Beginning with the line that contains "12月は家々が師を呼んでお経を読んでもらうため、 師が東西に忙しく走り回ることから 「師馳しはす月」とされたという説もあります。", restate each line below through the final one exactly, and exclude the pictures.

EXERCISE DATA Block Start

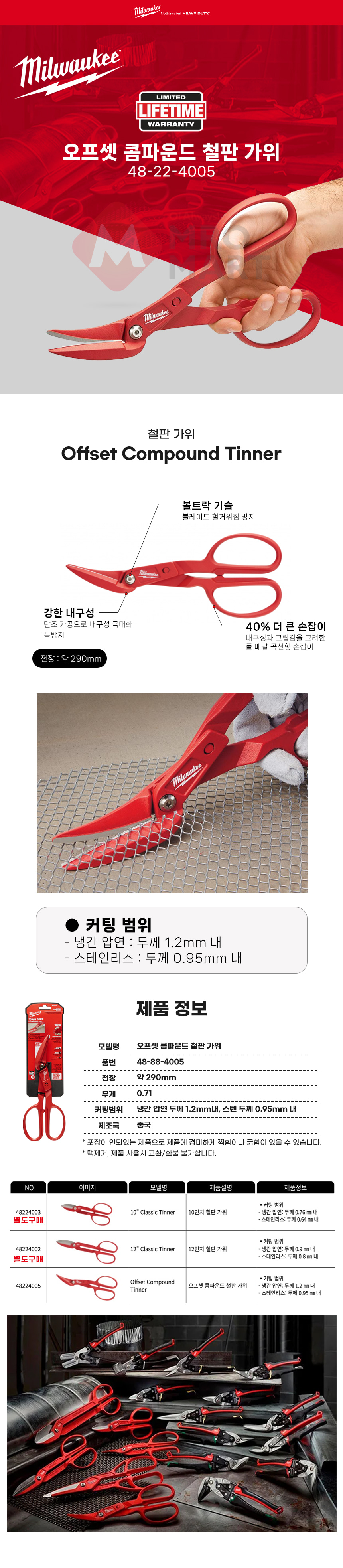 밀워키 오프셋 콤파운드 철판 가위 48-22-4005 항공 함석 스테인레스 절단 컷팅
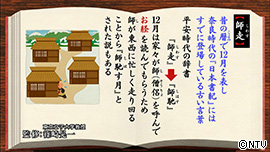 「師走」とは昔の暦(こよみ)で12月を表し、 奈良時代の『日本書紀』にはすでに登場している古い言葉です。 平安時代の辞書には、 「師走」は元々「師馳(しはす)」と書いてあるように、 12月は家々が師を呼んでお経を読んでもらうため、 師が東西に忙しく走り回ることから 「師馳しはす月」とされたという説もあります。
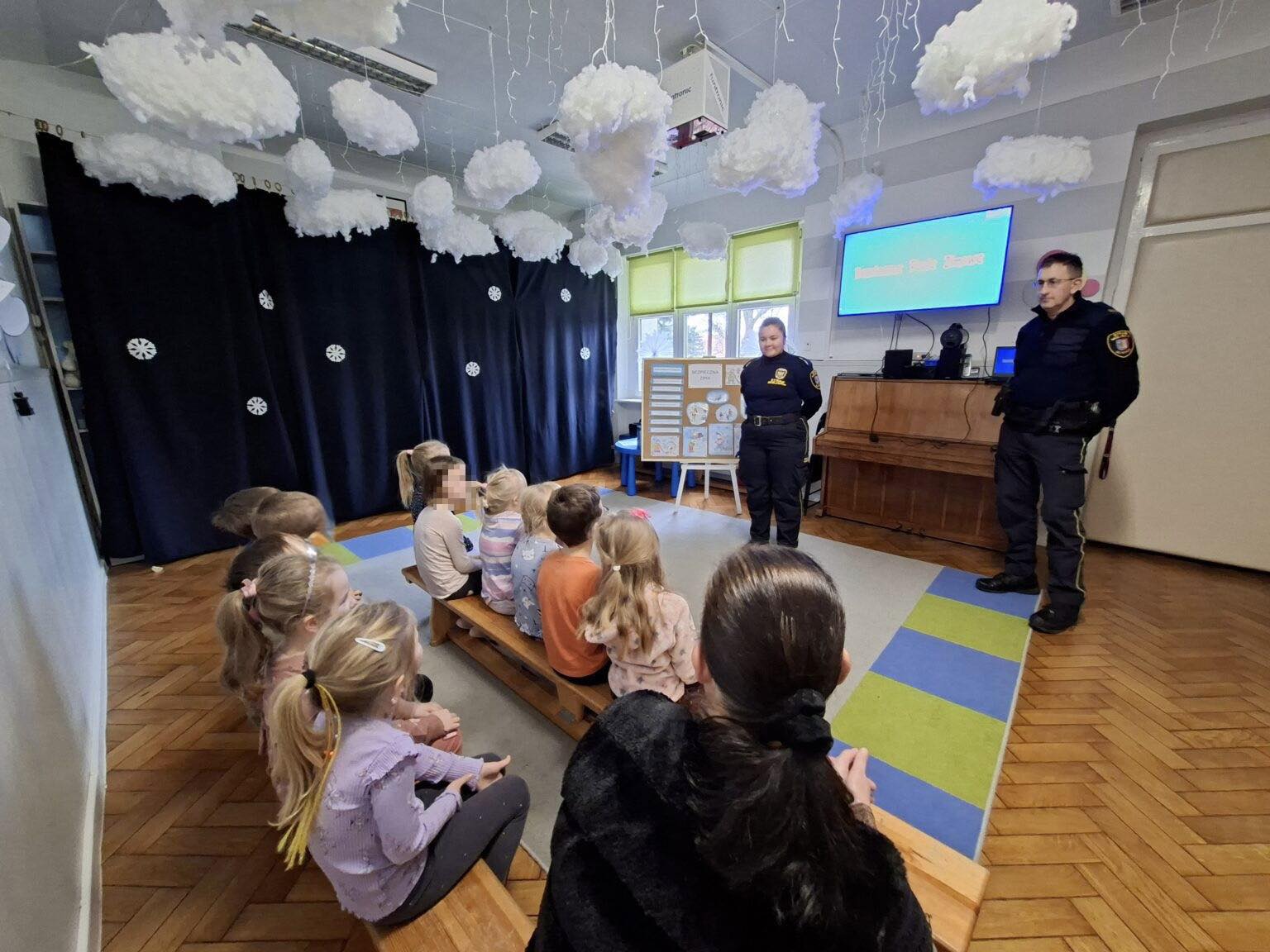 Podczas spotkań przypominamy, gdzie można bezpiecznie jeździć na sankach, dlaczego lód na zbiornikach wodnych bywa niebezpieczny oraz jak zadbać o siebie i kolegów podczas zimowego wypoczynku.

EXERCISE DATA Block End

▶ [RESPONSE TO THE TASK]
 「師走」とは昔の暦(こよみ)で12月を表し、 奈良時代の『日本書紀』にはすでに登場している古い言葉です。 平安時代の辞書には、 「師走」は元々「師馳(しはす)」と書いてあるように、 12月は家々が師を呼んでお経を読んでもらうため、 師が東西に忙しく走り回ることから 「師馳しはす月」とされたという説もあります。
 Podczas spotkań przypominamy, gdzie można bezpiecznie jeździć na sankach, dlaczego lód na zbiornikach wodnych bywa niebezpieczny oraz jak zadbać o siebie i kolegów podczas zimowego wypoczynku.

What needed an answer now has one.